There’s a small chime as I step into the drugstore, and I wince, not wanting anyone to notice me until I see if I can find what I need. I’m well aware of what I look like, dressed in an evening gown and too-big jacket, my hair a mess and my skirt ripped around the hem, my nails still a little crusted with blood despite my best attempts to quickly wipe my hands off on the duvet before I left the hotel. I don’t look like a woman just grabbing some painkillers to sleep off a future hangover.

I look like someone in trouble. And I know now that only brings more trouble, in turn.

I rattle off the list of things I need in my head as I go down the aisles, looking for medical supplies first. Antibiotic ointment, alcohol, gauze, medical tape, painkillers, and something to help with fever. I grab anything that looks like it could help, tossing it into the basket I grabbed on my way and heading down another aisle.

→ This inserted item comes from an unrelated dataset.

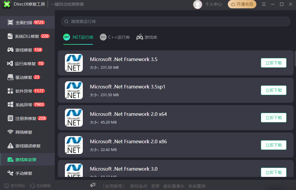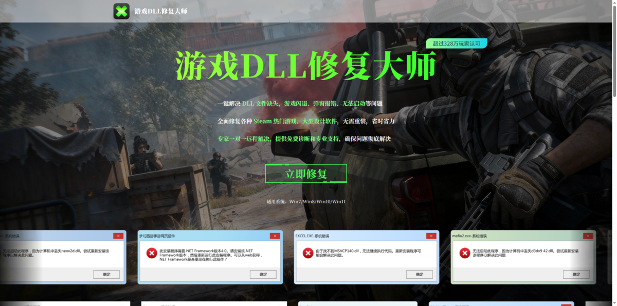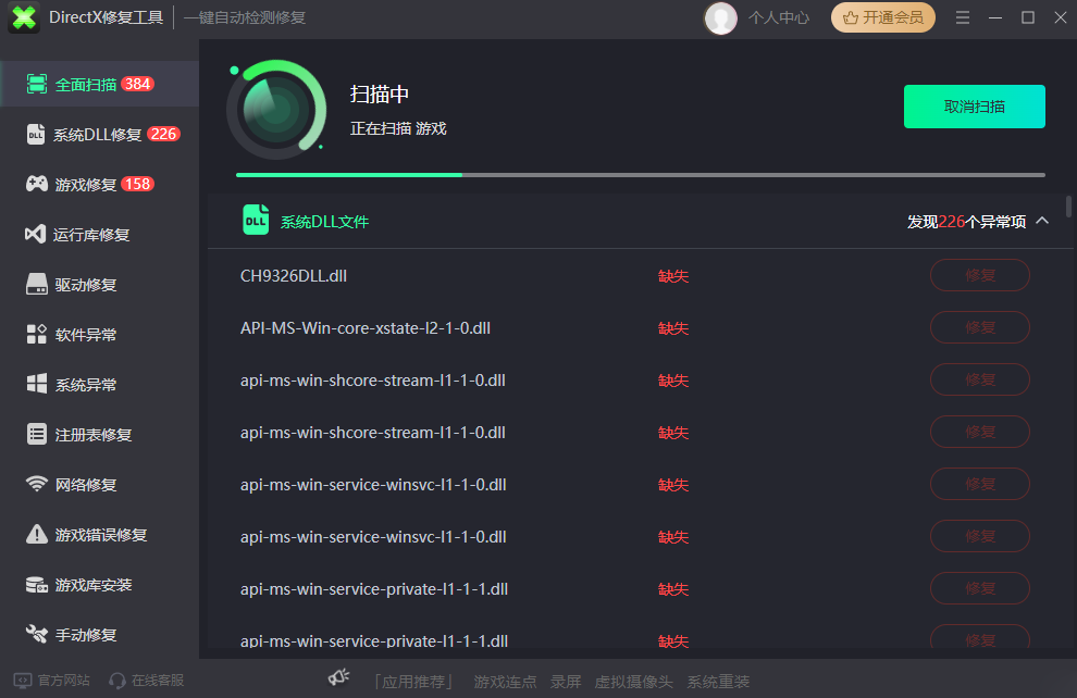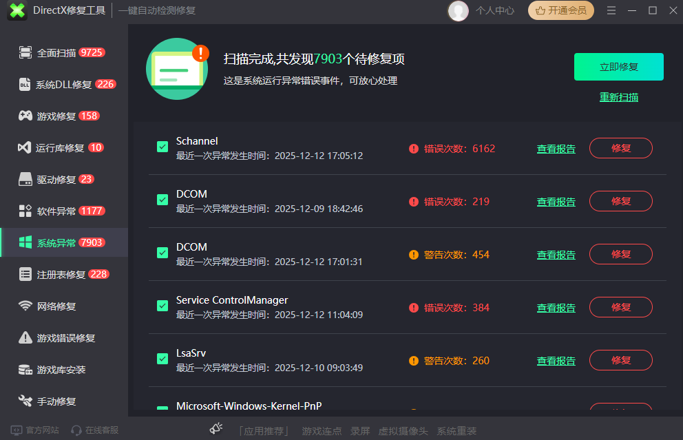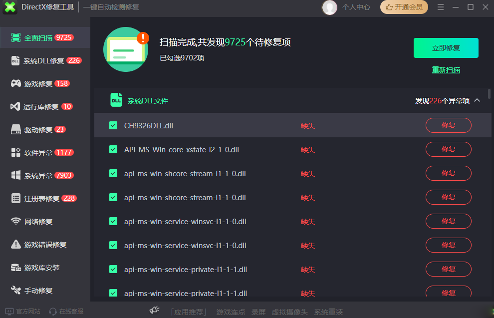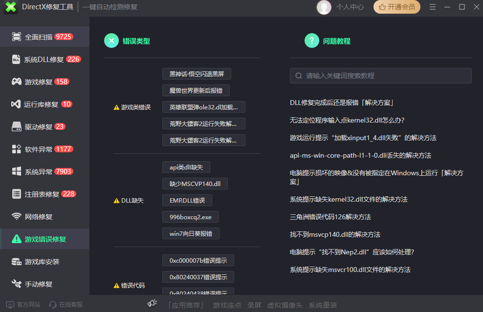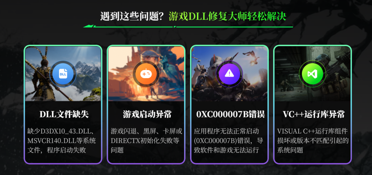 游戏DLL修复大师是一款专门用于解决Windows系统中因DirectX组件损坏或动态链接库(DLL)文件缺失、损坏所导致问题的工具软件。它能够自动检测系统运行库的完整性,并一键下载安装缺失的修复文件,帮助用户快速解决游戏、专业软件等应用程序因依赖环境不完整而出现的闪退、报错或无法启动等问题,使系统恢复健康运行状态。

All I can find to possibly stitch him up is a small sewing kit, and I wince at the thought of trying to stab the needle through his flesh, but I don’t know what else to do. My side throbs just thinking about it, where Levin sewed me up while I was unconscious after the accident. The scar there is still thick and raised and pink, and a shudder goes through me when I remember him clipping away the stitches. I have a memory of us on the ship, his fingers brushing over my skin as he’d gently removed them, and how even that small touch had made me ache for him.

No matter what happens after this, I don’t think I’m ever going to stop wanting him.

I grab bleach from another aisle and a packet of napkins and throw them into the basket, to wipe down the car and stash it somewhere. Looking at the rapidly growing pile, I hope I have enough money in the wad of bills stuffed into the jacket.

Exhaustion is starting to creep in. I’m starting to feel tired, sluggish, my mind and my body shutting down from what has been a night that’s altogether too much. But I can’t give in to it.I can rest when this is done. When I know he’s safe.